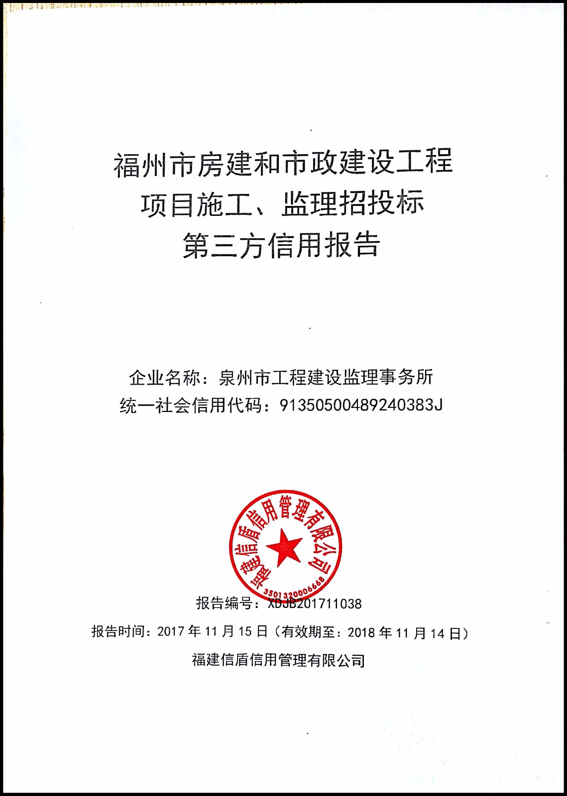 泉州市工程建設監理事務所 XDJB201711038
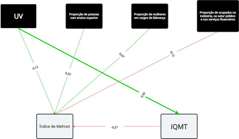 No modelo da Figura 5, nem a variável de proporção de ocupados na indústria nem a de proporção de mulheres em cargos de liderança se mostraram significativas. Seguindo a mesma lógica explorada acima, o aumento de uma unidade na medida UV leva a um aumento de 0,12 unidades no índice de Mehran, e de 0,59 no IQMT, que, por sua vez, diminui o índice de Mehran em 0,27 unidades, na média, ceteris paribus. O aumento de um ponto percentual na proporção de pessoas com ensino superior aumenta o índice de Mehran em 0,25 unidades.
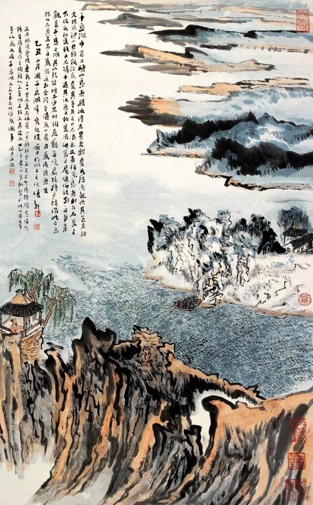 其实他大幅章法很窘,未能达到左右逢源的境界。用笔生拙奇秀,是他所长,信笔不经意病笔太多,是其所短。设色有出新处,用笔用墨变化很多,也是他的长处。知所短长,则何尝不可学。
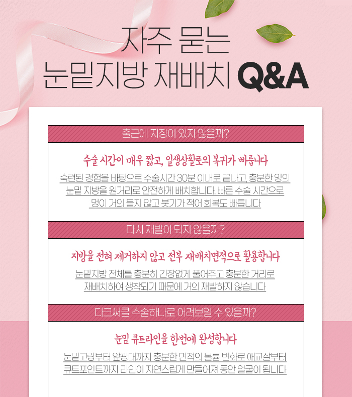 이런 경우 단순히 눈밑지방을 제거할 경우 충분히 나아지기 힘들며, 제거한다고 하더라도 다시 재발하는 경향이 있답니다. 그래서 분당눈밑지방재배치를 진행하게 되는 것인데요.
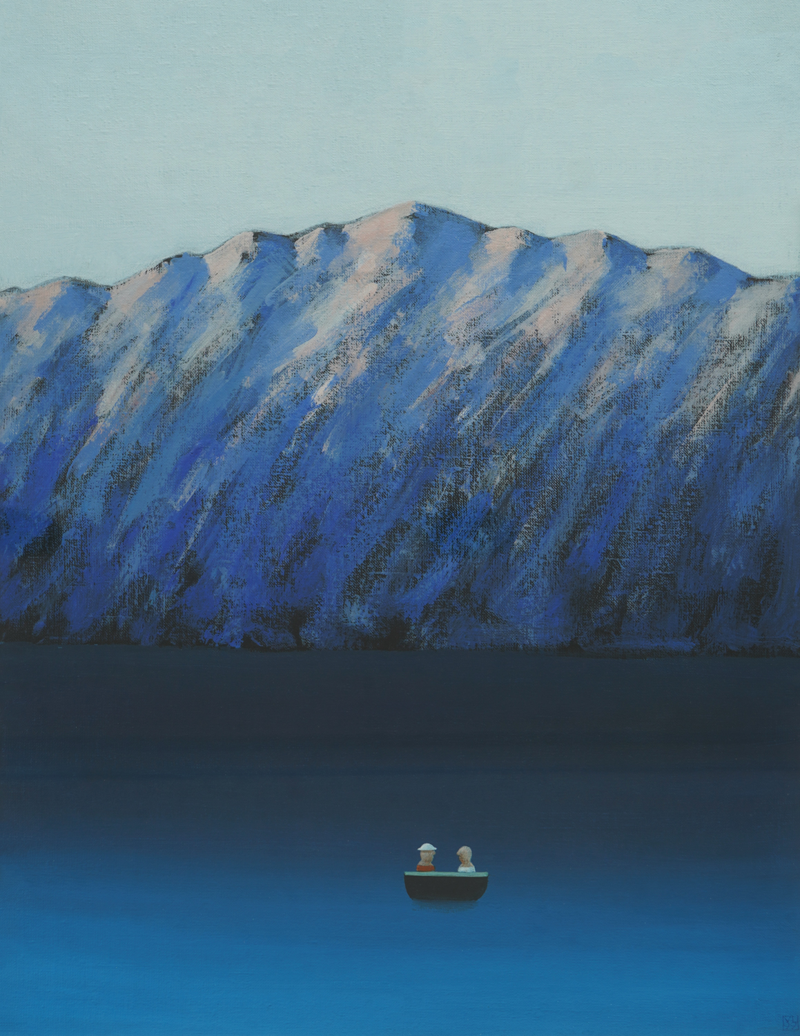 Vasko Lipovac (Škaljari kraj Kotora, 1931. – Split 2006.) znao je idilične i dopadljive morske prizore uklopiti u kompozicijski sjajno odmjerena i likovno vrlo zanimljiva ostvarenja. To je slučaj i s ovom slikom, na kojoj vidimo brodić s dvije figure nasred mirnog mora. Nad njima se uzdiže planina, koja stvara sjenu i tonski artikulira plohu koja predstavlja more. Slika nas, po svojoj vertikali, vodi kroz harmonijsko toniranje plave boje (od svjetlije prema tamnoj, pa opet u svijetlu), prekinuto dominantnom formom planine. Na njoj, pak, crni podslik i bijeli, rahli, potezi, dinamiziraju osnovni plavi ton slike, a svojim ga kontrastom i naglašavaju. Plavi odsjaji na planini spajaju svijetlo plavetnilo neba s tamnomodrom bojom mora. Kontrast je postignut i u različitoj morfologiji dijelova slike – more je prikazano kao modra ploha (s već naglašenim tonskom artikulacijom), dok su na planini potezi plave i bijele uočljiviji. Simplifikacija kompozicije i oblikovanja karakteristični su za slikarstvo Vaska Lipovca. Njima je, na svojim slikama, postizao efektne sugestije dubokog mira, bonace i tišine. FG
· · · · ·
Exercise objective =
Would you print exactly the lines in the listing above, from the line bearing "其实他大幅章法很窘,未能达到" through the line bearing "이런 경우 단순히 눈밑지방을", leaving out all pictures?

Solution for this task =
 其实他大幅章法很窘,未能达到左右逢源的境界。用笔生拙奇秀,是他所长,信笔不经意病笔太多,是其所短。设色有出新处,用笔用墨变化很多,也是他的长处。知所短长,则何尝不可学。
 이런 경우 단순히 눈밑지방을 제거할 경우 충분히 나아지기 힘들며, 제거한다고 하더라도 다시 재발하는 경향이 있답니다. 그래서 분당눈밑지방재배치를 진행하게 되는 것인데요.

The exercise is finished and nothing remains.